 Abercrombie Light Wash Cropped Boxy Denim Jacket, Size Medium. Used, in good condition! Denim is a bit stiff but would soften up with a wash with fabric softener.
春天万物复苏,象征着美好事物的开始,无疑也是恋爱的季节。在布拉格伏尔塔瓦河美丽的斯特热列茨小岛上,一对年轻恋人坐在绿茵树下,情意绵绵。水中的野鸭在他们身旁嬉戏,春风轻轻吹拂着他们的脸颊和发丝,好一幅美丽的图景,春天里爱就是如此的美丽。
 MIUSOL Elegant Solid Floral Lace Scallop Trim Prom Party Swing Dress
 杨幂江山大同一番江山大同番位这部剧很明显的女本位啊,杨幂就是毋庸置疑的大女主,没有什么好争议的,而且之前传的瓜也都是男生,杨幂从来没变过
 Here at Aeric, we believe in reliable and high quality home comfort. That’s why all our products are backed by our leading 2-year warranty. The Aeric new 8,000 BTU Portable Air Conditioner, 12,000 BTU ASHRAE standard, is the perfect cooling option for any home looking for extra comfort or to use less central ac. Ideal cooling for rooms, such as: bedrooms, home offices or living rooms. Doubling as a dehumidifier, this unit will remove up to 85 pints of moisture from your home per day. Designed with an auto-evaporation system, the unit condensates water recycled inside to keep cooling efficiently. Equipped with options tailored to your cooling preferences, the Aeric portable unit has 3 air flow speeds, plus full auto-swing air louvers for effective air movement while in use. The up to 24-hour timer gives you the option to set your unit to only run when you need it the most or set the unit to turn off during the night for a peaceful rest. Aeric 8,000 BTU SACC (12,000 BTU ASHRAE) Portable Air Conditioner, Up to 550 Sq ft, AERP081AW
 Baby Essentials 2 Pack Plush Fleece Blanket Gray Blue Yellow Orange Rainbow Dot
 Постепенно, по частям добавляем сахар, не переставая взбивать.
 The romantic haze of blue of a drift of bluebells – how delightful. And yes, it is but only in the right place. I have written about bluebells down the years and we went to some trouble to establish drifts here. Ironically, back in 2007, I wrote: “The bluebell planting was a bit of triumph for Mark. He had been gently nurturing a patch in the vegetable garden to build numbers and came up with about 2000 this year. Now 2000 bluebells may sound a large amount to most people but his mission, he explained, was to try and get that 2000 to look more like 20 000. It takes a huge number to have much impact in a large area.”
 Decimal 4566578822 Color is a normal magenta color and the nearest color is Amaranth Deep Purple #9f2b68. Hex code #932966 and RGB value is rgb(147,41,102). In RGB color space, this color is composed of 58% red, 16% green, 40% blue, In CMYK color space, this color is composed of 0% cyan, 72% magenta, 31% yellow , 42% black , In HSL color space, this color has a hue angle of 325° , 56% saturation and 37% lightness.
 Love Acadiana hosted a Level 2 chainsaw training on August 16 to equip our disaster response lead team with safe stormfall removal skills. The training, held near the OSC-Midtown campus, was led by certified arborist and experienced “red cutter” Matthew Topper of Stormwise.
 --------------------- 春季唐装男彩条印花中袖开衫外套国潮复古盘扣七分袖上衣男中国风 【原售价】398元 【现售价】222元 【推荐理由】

WHAT NEEDS TO BE DONE: Taking the entries above, write out exactly each line from the one holding "杨幂江山大同一番江山大同番位" to the one holding "Постепенно, по частям", both included, and stop there.

WRITTEN REPLY:
 杨幂江山大同一番江山大同番位这部剧很明显的女本位啊,杨幂就是毋庸置疑的大女主,没有什么好争议的,而且之前传的瓜也都是男生,杨幂从来没变过
 Here at Aeric, we believe in reliable and high quality home comfort. That’s why all our products are backed by our leading 2-year warranty. The Aeric new 8,000 BTU Portable Air Conditioner, 12,000 BTU ASHRAE standard, is the perfect cooling option for any home looking for extra comfort or to use less central ac. Ideal cooling for rooms, such as: bedrooms, home offices or living rooms. Doubling as a dehumidifier, this unit will remove up to 85 pints of moisture from your home per day. Designed with an auto-evaporation system, the unit condensates water recycled inside to keep cooling efficiently. Equipped with options tailored to your cooling preferences, the Aeric portable unit has 3 air flow speeds, plus full auto-swing air louvers for effective air movement while in use. The up to 24-hour timer gives you the option to set your unit to only run when you need it the most or set the unit to turn off during the night for a peaceful rest. Aeric 8,000 BTU SACC (12,000 BTU ASHRAE) Portable Air Conditioner, Up to 550 Sq ft, AERP081AW
 Baby Essentials 2 Pack Plush Fleece Blanket Gray Blue Yellow Orange Rainbow Dot
 Постепенно, по частям добавляем сахар, не переставая взбивать.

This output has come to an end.